Comparative analysis of human conjunctival and corneal epithelial gene expression with oligonucleotide microarrays

Abstract

Purpose: To determine global mRNA expression levels in corneal and conjunctival epithelia and identify transcripts that exhibit preferential tissue expression.

Methods: cDNA samples derived from human conjunctival and corneal epithelia were hybridized in three independent experiments to a commercial oligonucleotide array representing more than 22,000 transcripts. The resultant signal intensities and microarray software transcript present/absent calls were used in conjunction with the local pooled error (LPE) statistical method to identify transcripts that are preferentially or exclusively expressed in one of the two tissues at significant levels (expression >1% of the beta-actin level). EASE (Expression Analysis Systematic Explorer software) was used to identify biological systems comparatively overrepresented in either epithelium. Immuno-, and cytohistochemistry was performed to validate or expand on selected results of interest.

Results: The analysis identified 332 preferential and 93 exclusive significant corneal epithelial transcripts. The corresponding numbers of conjunctival epithelium transcripts were 592 and 211, respectively. The overrepresented biological processes in the cornea were related to cell adhesion and oxiredox equilibria and cytoprotection activities. In the conjunctiva, the biological processes that were most prominent were related to innate immunity and melanogenesis. Immunohistochemistry for antigen-presenting cells and melanocytes was consistent with these gene signatures. The transcript comparison identified a substantial number of genes that have either not been identified previously or are not known to be highly expressed in these two epithelia, including testican-1, ECM1, formin, CRTAC1, and NQO1 in the cornea and, in the conjunctiva, sPLA(2)-IIA, lipocalin 2, IGFBP3, multiple MCH class II proteins, and the Na-Pi cotransporter type IIb.

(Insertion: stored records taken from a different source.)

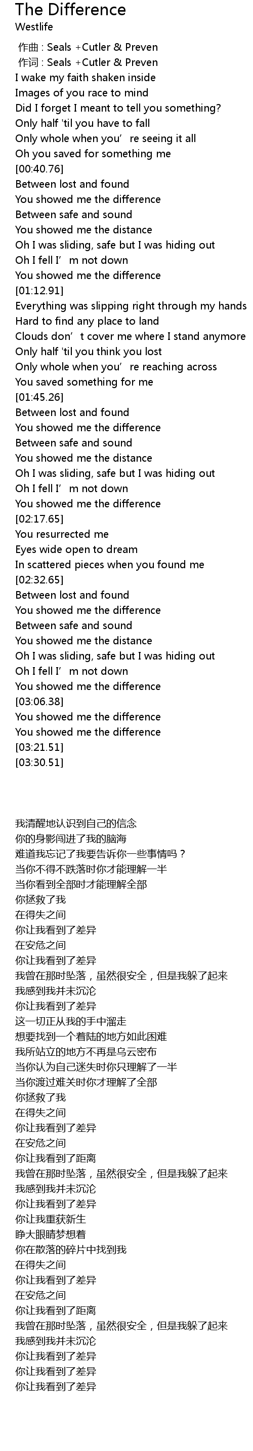 | [00:01.00] | 作词 : Seals +Cutler & Preven |
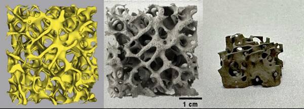 △骨骼結(jié)構(gòu)的高分辨率 CT 掃描,STL 文件(左),燒結(jié)部件 UniFuse TM  (中),素坯部件 BJT L25- 脫粉后結(jié)構(gòu)不完整(右)
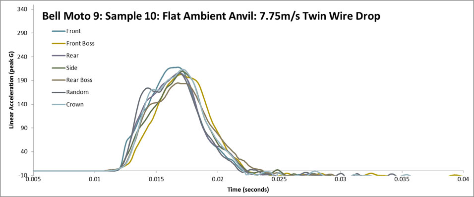 DOT requires that the helmet receive the same stress test, in the same place, twice in a row and still remain under the 300G mark. The tests on this helmet, which had already been crashed in, returned sub-200G levels.
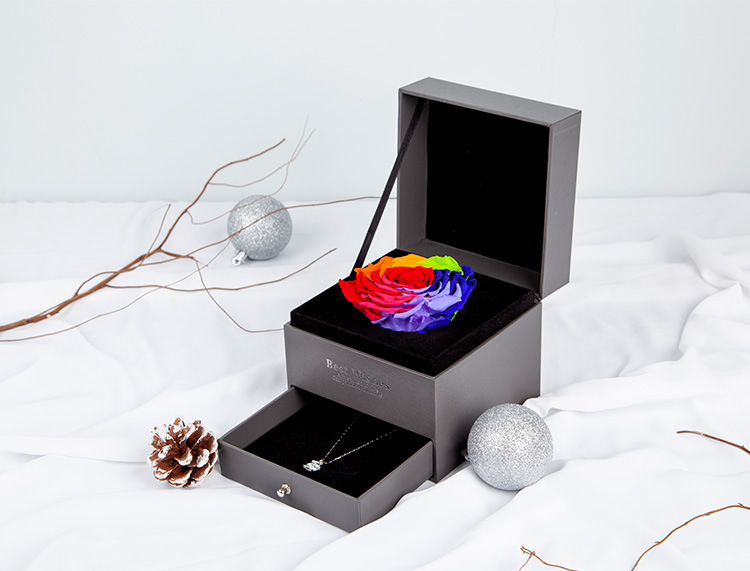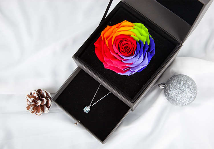 FlowerSong巨型玫瑰系列:厄瓜多尔进口巨型七彩玫瑰(直径9-10CM)+T400花的嫁纱S925银项链(纯银镶嵌宝石,采用施华洛世奇元素水晶)

Conclusions: Comparative gene expression profiling leads to the identification of many biological processes and previously unknown genes that are potentially active in the function of corneal and conjunctival epithelia.

Figure 1

Biochip profiles (Agilent, Palo Alto, CA) of total RNA isolated from Dispase-released corneal and conjunctival epithelia.

Figure 2

Heat map for unsupervised hierarchical sample clustering of corneal and conjunctival transcripts with significant expression. Whole transcript sets for three conjunctival (Cnj1-3) and three corneal (Co1-3) samples were clustered by the unsupervised hierarchical sample method (Pearson correlation similarity measurement) to generate a sample tree (vertical lines). Note that the process has correctly clustered the two cell types. The 1228 statistically different transcripts (803 for the Cnj and 425 for the Co samples) are shown as individual horizontal color-coded lines within this sample tree, where color represents relative expression level in a base 10 logarithmic scale. The color code is shown in the right side bar.

Figure 3

Hierarchical tree of GO ontology processes significantly overrepresented in the Cnj epithelium.

Figure 4

Immunolocalization of sPLA₂-IIA and HLA-II antigen presenting cells in freshly isolated human conjunctival epithelium. Cryosections (5–8 mm thick) fixed in ice-cold methanol were probed with anti-human sPLA2-IIA and HLA-II antibodies. (A) Low magnification demonstrates that the sPLA2-IIA protein predominantly labeled to immature and mature Goblet cells. (B) Higher magnification of the asterisk-marked area reveals that the sPLA2-IIA protein was distributed in both Goblet and non-Goblet cells in vesicular granules structures within or in proximity to the plasma membrane. In surface goblet cells undergoing degranulation, numerous vesicle profiles were observed migrating toward the cell secretory pit, whereas vesicular density at the membrane wall appeared markedly reduced. Cells containing very high levels of HLA-II antigen distributed between the Cnj epithelial stratum (C). (A, C, insets) Results for the cornea.

Figure 5

Fontana-Mason stain of the mucocutaneous zone of human conjunctiva and immunostain for TYRP1 in the palpebral conjunctiva (inset). Note the high frequency of stained cells in the basal layer in both cases.

Figure 6

Distribution of NADPH reductase activity in the conjunctival and corneal epithelium. Activity was found in the basal stratum of the corneal epithelium (A) but not in the conjunctival epithelium (B).